Ницше — страница 50 из 132

Суха, мой друг, теория везде,

А древо жизни пышно зеленеет!

Кто нынче христианин, каким его хотел видеть Христос? Пожалуй, я один, хотя вы и считаете меня язычником.

Гёте видел неискоренимость борьбы, страдания, трагедии и, упреждая Ницше и вагнеровского Вотана, писал: «Где буйные силы клокочут, открыто зову я к войне».

Гёте предвосхитил Ницше идеей первичности жизни, ее самоценности и самодостаточности: «Жизнь существует просто для того, чтобы ее прожить». Ницшеанство — философия жизненности, заимствованная у Гёте. Всё, что хотел сказать Ницше — сверхчеловеком, Заратустрой, «белокурой бестией», — это производность культуры, философии, религии, этики от жизни, от жизненной мощи и жизненного разума.

Х. Ортега-и-Гассет:

Открытие имманентных жизни ценностей, совершенное Гёте и Ницше (несмотря на чрезмерно зоологический язык последнего), было гениальным предвидением будущего, событием огромного значения — открытием этих ценностей, мироощущением целой эпохи. Провиденная, возвещенная гениальными авгурами эпоха наступила — это наша эпоха.

О, как был бы он счастлив, если бы знал, что «Гёте» означает: «изливающий», «производитель», «жеребец», «самец».

Ницше пошел дальше. Он не просто позаимствовал у Гёте имморализм, не просто выставил трагедию напоказ, но утвердил превосходство могущества жизни, вскрыл творческое начало борьбы для развития жизни.

Неумолимый инквизитор, безжалостно допрашивает он свою совесть о каждом своем убеждении и переживает испански-мрачное, сладострастно-жестокое наслаждение при виде бесчисленных аутодафе, пожирающих убеждения, которые он признал еретическими.
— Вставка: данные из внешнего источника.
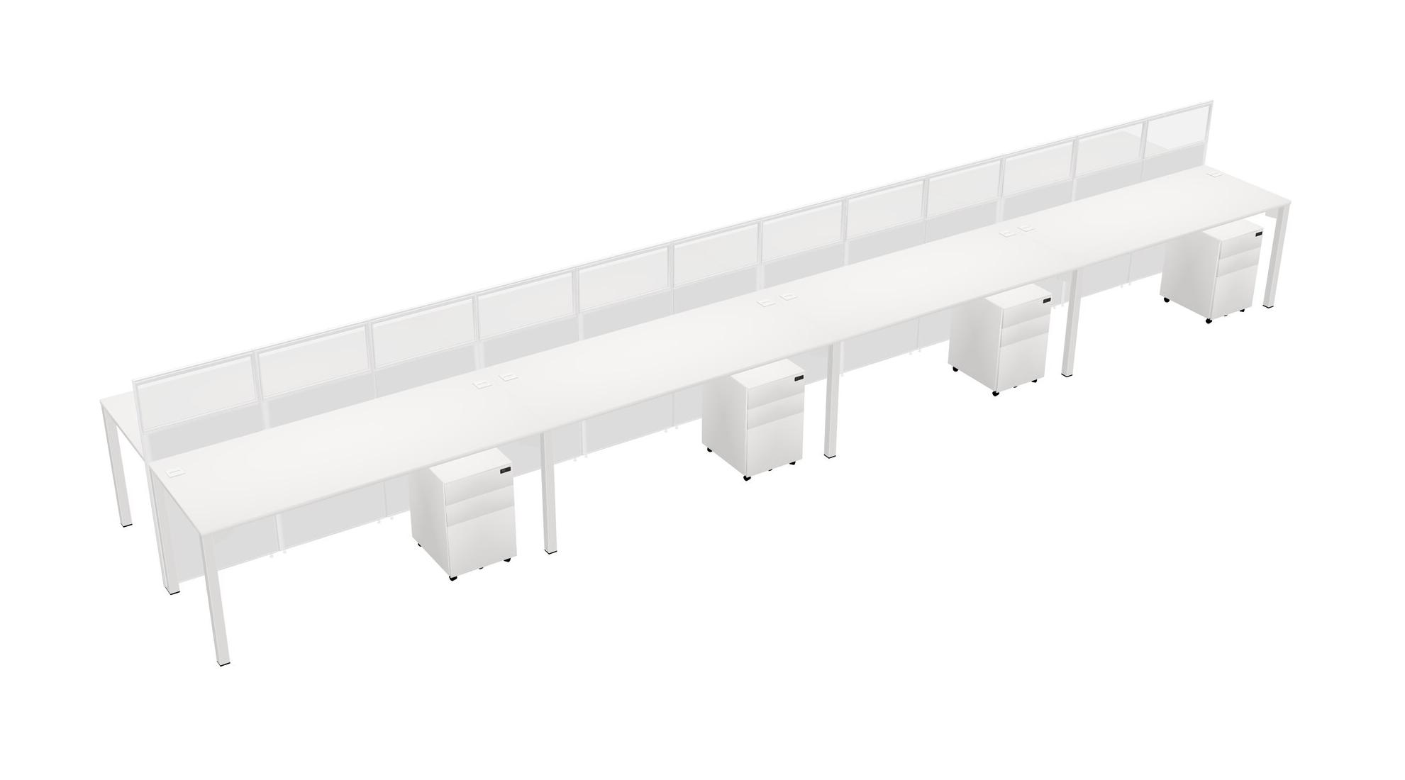 White Shared Rectangular Office Cubicle Panel System With Mobile Drawers For 8 Persons

Постепенно влечение к самоуничтожению становится у Ницше страстью: «Радость уничтожения сравнима для меня только с моей способностью к уничтожению». Из постоянного превращения возникает страсть противоречить себе, быть своим собственным антагонистом: отдельные высказывания в его книгах как будто намеренно сопоставлены так, чтобы одно опровергало другое; страстный прозелит своих убеждений каждому «нет» противопоставляет «да», каждому «да» — властное «нет»; бесконечно растягивает он свое «я», чтобы достигнуть полюсов бесконечности и электрическое напряжение между полюсами ощутить как подлинную жизнь.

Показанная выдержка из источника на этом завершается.